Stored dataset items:
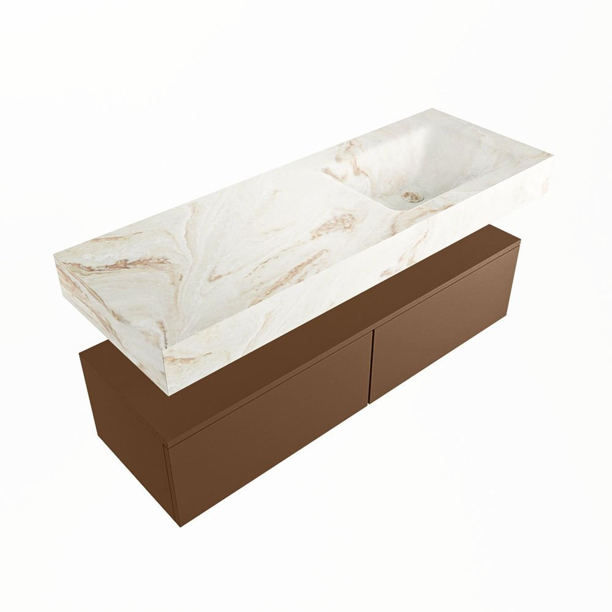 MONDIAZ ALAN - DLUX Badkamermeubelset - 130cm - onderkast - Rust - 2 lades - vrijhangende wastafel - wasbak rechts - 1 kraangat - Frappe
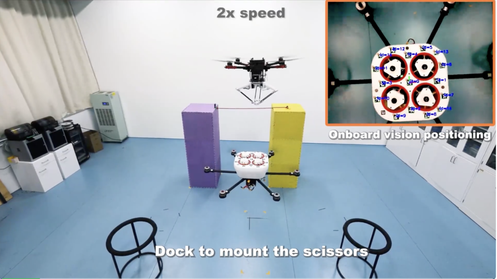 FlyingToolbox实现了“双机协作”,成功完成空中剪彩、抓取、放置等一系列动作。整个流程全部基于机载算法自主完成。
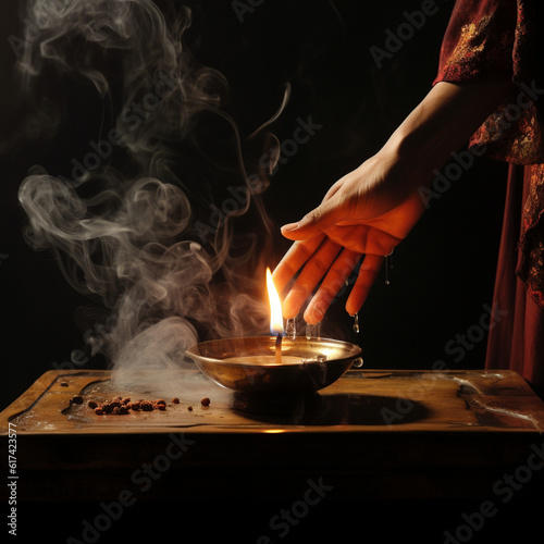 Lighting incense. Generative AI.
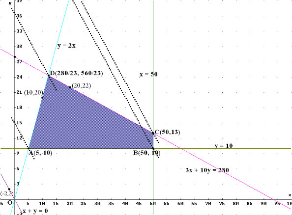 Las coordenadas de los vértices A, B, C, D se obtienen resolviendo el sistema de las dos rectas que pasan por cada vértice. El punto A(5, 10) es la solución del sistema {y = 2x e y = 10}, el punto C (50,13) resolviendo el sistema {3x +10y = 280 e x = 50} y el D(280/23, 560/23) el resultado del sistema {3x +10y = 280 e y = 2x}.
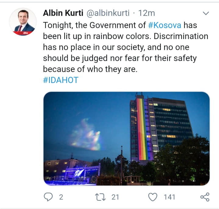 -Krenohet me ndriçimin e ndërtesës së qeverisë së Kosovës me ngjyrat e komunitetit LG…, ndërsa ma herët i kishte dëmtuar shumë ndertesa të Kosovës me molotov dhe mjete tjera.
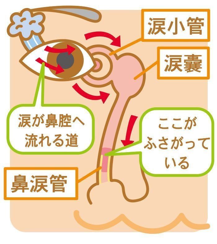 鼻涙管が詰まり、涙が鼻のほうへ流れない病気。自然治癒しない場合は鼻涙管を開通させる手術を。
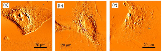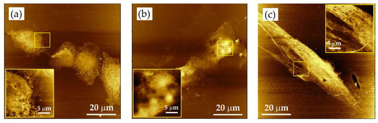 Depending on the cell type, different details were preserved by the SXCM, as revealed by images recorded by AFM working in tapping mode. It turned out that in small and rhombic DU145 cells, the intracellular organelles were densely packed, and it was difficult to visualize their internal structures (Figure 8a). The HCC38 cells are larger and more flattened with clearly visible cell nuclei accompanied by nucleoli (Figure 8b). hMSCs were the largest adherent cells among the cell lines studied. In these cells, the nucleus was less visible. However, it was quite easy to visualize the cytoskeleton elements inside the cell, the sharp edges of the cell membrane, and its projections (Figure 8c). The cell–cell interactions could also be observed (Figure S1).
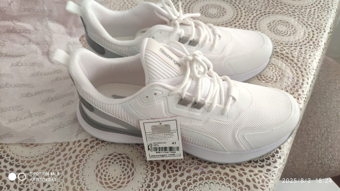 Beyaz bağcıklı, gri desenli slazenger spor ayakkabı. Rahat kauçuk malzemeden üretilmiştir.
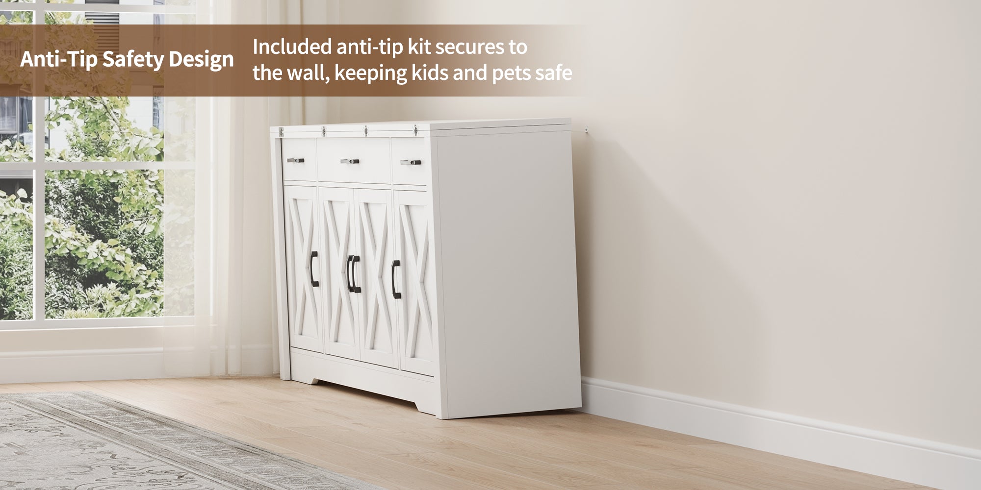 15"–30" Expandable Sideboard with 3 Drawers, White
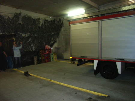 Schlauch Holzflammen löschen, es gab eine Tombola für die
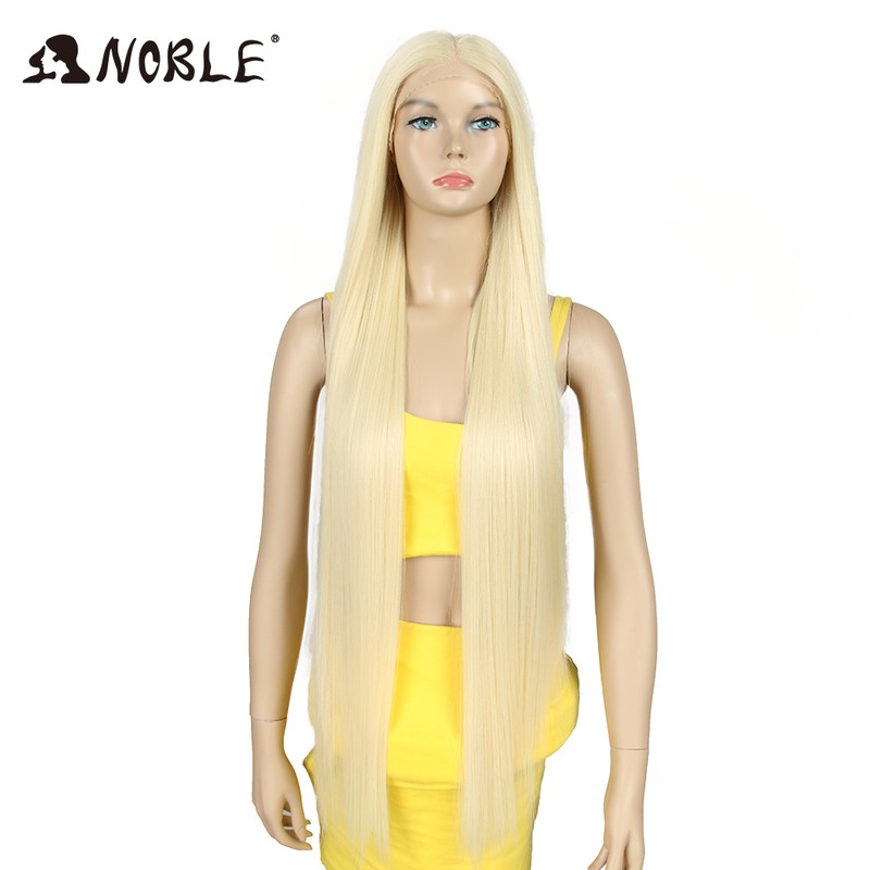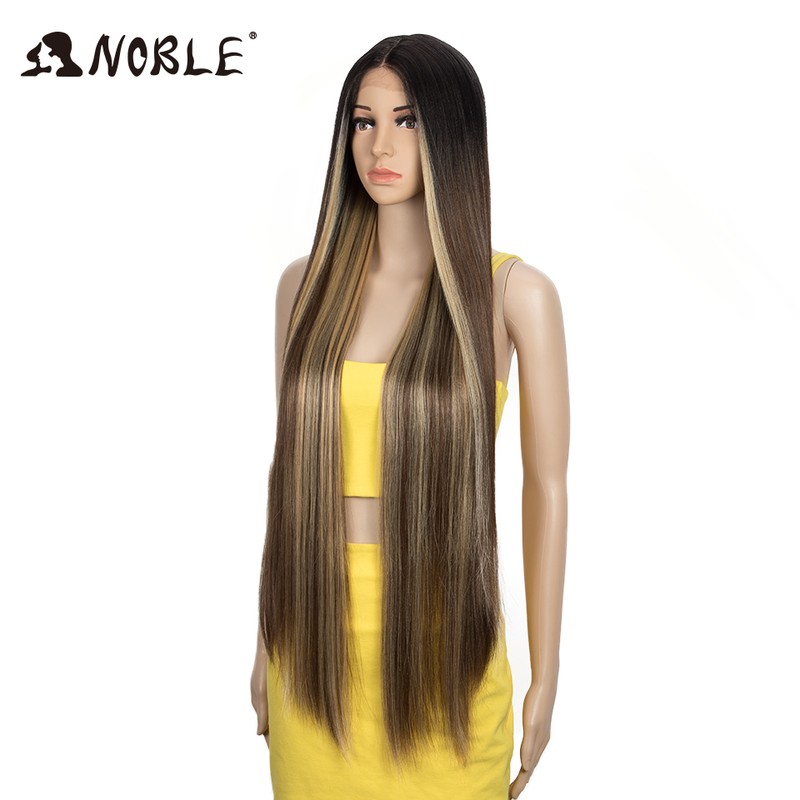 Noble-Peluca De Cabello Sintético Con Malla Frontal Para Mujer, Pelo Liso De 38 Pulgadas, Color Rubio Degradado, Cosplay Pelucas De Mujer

- **Exercise goal**
From the line with "鼻涙管が詰まり、涙が鼻のほう" to the final line of the entries above, reproduce each line exactly and nothing else; the pictures stay out.

- **Answer to this problem**
 鼻涙管が詰まり、涙が鼻のほうへ流れない病気。自然治癒しない場合は鼻涙管を開通させる手術を。
 Depending on the cell type, different details were preserved by the SXCM, as revealed by images recorded by AFM working in tapping mode. It turned out that in small and rhombic DU145 cells, the intracellular organelles were densely packed, and it was difficult to visualize their internal structures (Figure 8a). The HCC38 cells are larger and more flattened with clearly visible cell nuclei accompanied by nucleoli (Figure 8b). hMSCs were the largest adherent cells among the cell lines studied. In these cells, the nucleus was less visible. However, it was quite easy to visualize the cytoskeleton elements inside the cell, the sharp edges of the cell membrane, and its projections (Figure 8c). The cell–cell interactions could also be observed (Figure S1).
 Beyaz bağcıklı, gri desenli slazenger spor ayakkabı. Rahat kauçuk malzemeden üretilmiştir.
 15"–30" Expandable Sideboard with 3 Drawers, White
 Schlauch Holzflammen löschen, es gab eine Tombola für die
 Noble-Peluca De Cabello Sintético Con Malla Frontal Para Mujer, Pelo Liso De 38 Pulgadas, Color Rubio Degradado, Cosplay Pelucas De Mujer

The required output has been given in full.